Nonlinear compressed sensing based on composite mappings and its pointwise linearization
Jiawang Yi, Guanzheng Tan

TL;DR
This paper introduces a novel nonlinear compressed sensing framework based on composite mappings and a pointwise linearization technique, enabling exact sparse signal recovery despite nonlinear measurement distortions.
Contribution
It proposes a new perspective of nonlinear CS via composite mappings and develops a pointwise linearization method to facilitate recovery using linear CS algorithms.
Findings
Derived conditions for exact sparse recovery with nonlinear composite mappings
Introduced a pointwise linearization method for nonlinear measurement models
Ensured exact recovery of sparse signals even when the nonlinear mapping is not injective
Abstract
Classical compressed sensing (CS) allows us to recover structured signals from far few linear measurements than traditionally prescribed, thereby efficiently decreasing sampling rates. However, if there exist nonlinearities in the measurements, is it still possible to recover sparse or structured signals from the nonlinear measurements? The research of nonlinear CS is devoted to answering this question.

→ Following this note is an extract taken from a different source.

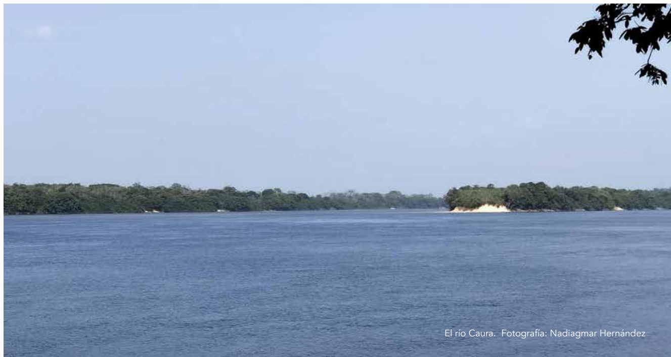
El río Caura.

Esta ausencia de información es común en Venezuela. En el informe de la Alta Comisionada sobre los Derechos de las Naciones Unidas del 2020 sobre Venezuela se afirma que:

In this paper, unlike the existing research angles of nonlinear CS, we study it from the perspective of mapping decomposition, and propose a new concept, namely, nonlinear CS based on composite mappings. Through the analysis of two forms of a nonlinear composite mapping Phi, i.e., Phi(x) = F(Ax) and Phi(x) = AF(x), we give the requirements respectively for the sensing matrix A and the nonlinear mapping F when reconstructing all sparse signals exactly from the nonlinear measurements…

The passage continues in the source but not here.